Of course Guido Van Rossum might have just flipped a coin for all I know (He probably didn't) so you would have to ask him yourself if you really want to know.
As for your comment about having to surround these things with try blocks, it probably means that you're not writing very robust code. Generally, you want your code to expect to get some piece of information from a dict-like object, list-like object or a regular object. You should know which way it's going to do it and let anything else raise an exception.
The exception to this is that it's OK to conflate attribute access and method calls using the property decorator and more general descriptors. This is only good if the method doesn't take arguments.

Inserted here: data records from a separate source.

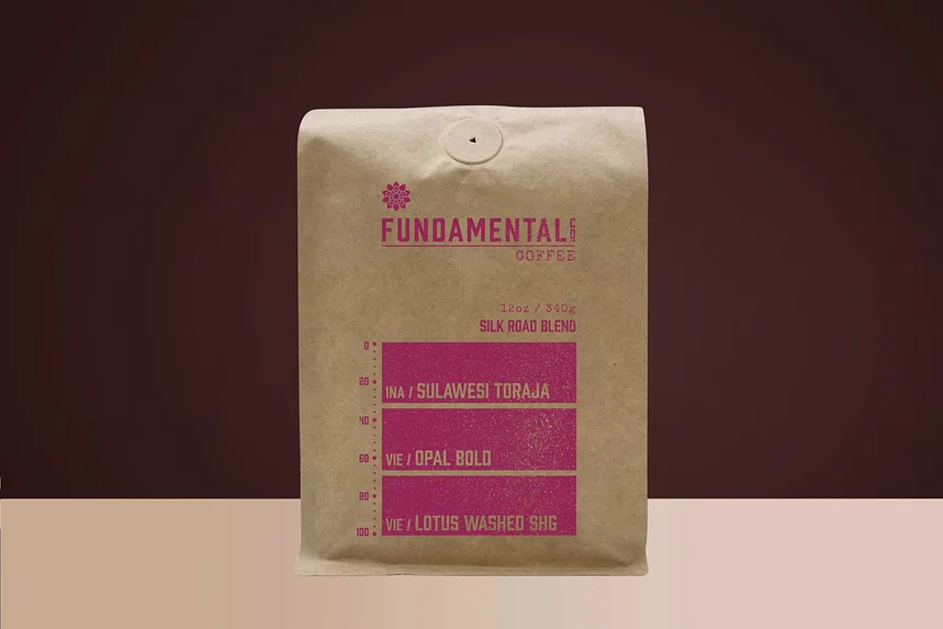 Fundamental Silk Road Blend is anchored by two special coffees from Vietnam and completed with rare Indonesian coffee from Toraja, Sulawesi. Vietnam Opal Bold Reserve is grown near Da Lat in the Lam Dong Province in the Central Highlands. The coffees in the region are grown by small scale farmers at high elevation and using exacting standards. Opal Bold is processed using the wet-hulling method which yields a spicy, herbal and mild aged tobacco note. Lotus Lam Dong is grown in the same region however is a washed process coffee which delivers a more mild, sweet and chocolate flavor. Rounding out the blend is a spicy, triple picked Toraja coffee from the K-shaped Indonesian Island of Sulawesi.
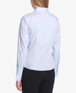 Calvin Klein Women's Petite Cotton Button-Front Shirt Blue Size 8 P
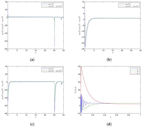 Clearly, Lyapunov function , as defined in Equation (21), is surely positive definite in . Then, the derivative for Lyapunov function is expressed as:
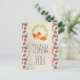 Um cartão postal de agradecimento com um desenho de uma raposa fofa dormindo pacificamente. Uma coroa de folhas verdes atrás. O fundo é um padrão com bolinhas pálidas e macarons coloridos sobrepostos. Mensagem personalizada no verso.
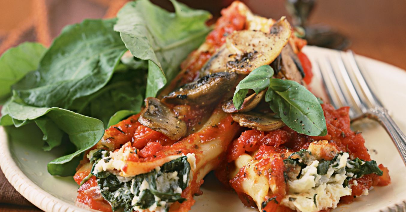 Manicotti umplute cu spanac și cu ciuperci
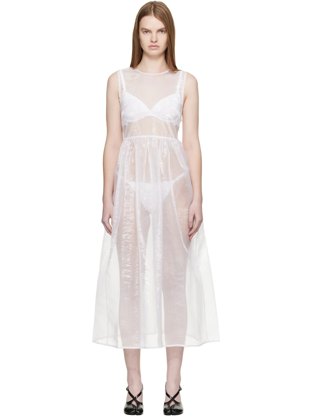 Sheer nylon-blend organza midi dress. · Positive Luxury Butterfly Mark-certified · Round neck · Gathering at waist · Bungee-style drawstrings at open back Supplier color: White 51% polyester, 49% nylon. Made in Latvia 261002F054000
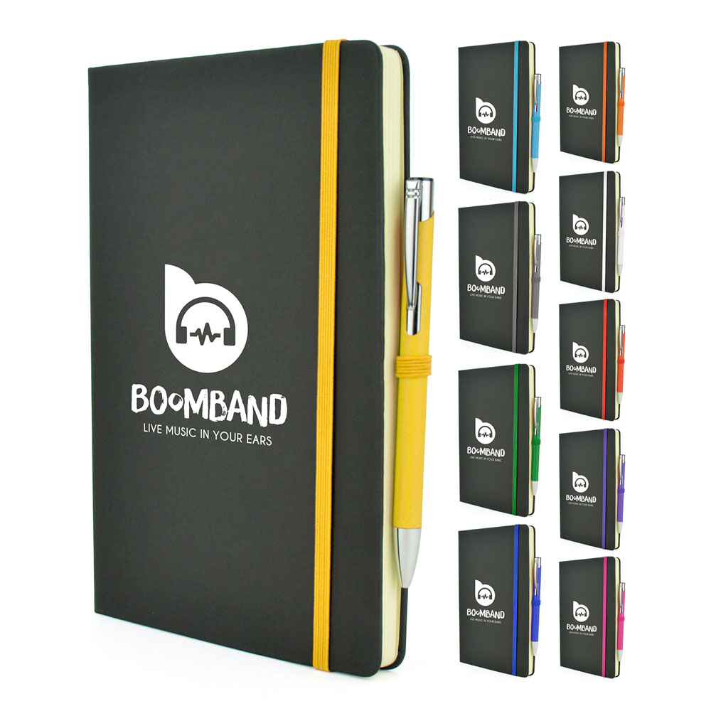 2-in-1 A5 black PU soft finish notebook with a matching Mole Mate Ball Pen. The notebook features 80 lined sheets, coloured pen loop, back pocket, coloured ribbon bookmark and coloured elasticated closure.

The different methods of accessing
attributes do different things. If
you have a function foo the two lines
of code
a = foo,
a = foo()
do two
very different things. Without
distinct syntax to reference and call
functions there would be no way for
python to know whether the variable
should be a reference to foo or the
result of running foo. The () syntax removes the ambiguity.
Lists and dictionaries are two very different data structures. One of the things that determine which one is appropriate in a given situation is how its contents can be accessed (key Vs index). Having separate syntax for both of them reinforces the notion that these two things are not the same and neither one is always appropriate.
It makes sense for these distinctions to be ignored in a template language, the person writing the html doesn't care, the template language doesn't have function pointers so it knows you don't want one. Programmers who write the python that drive the template however do care about these distinctions.
In addition to the points already posted, consider this. Python uses special member variables and functions to provide metadata about the object. Both the interpreter and programmers make heavy use of these. For example, both dicts and lists have a __len__ member function. Now, if a dict's data were accessed by using the . operator, a potential ambiguity arises if the dict has a key called __len__. You could special-case these, but many objects have a __dict__ attribute which is a mapping of member names and values. If that object happened to be a container, which also defined a __len__ attribute, you would end up with an utter mess.
Problems like this would end up turning Python into a mishmash of special cases that the programmer would have to constantly be aware of. This would detract from the reason why many people use Python in the first place, i.e., its elegant simplicity.
Now, consider that new users often shadow built-ins (if the code in SO questions is any indication) and having something like this starts to look like a really bad idea, since it would exacerbate the problem many-fold.
In addition to the responses above, it's not practical to merge dictionary lookup and object lookup in general because of the restrictions on object members.
What if your key has whitespace? What if it's an int, or a frozenset, etc.? Dot notation can't account for these discrepancies, so while it's an acceptable tradeoff for a templating language, it's unacceptable for a general-purpose programming language like Python.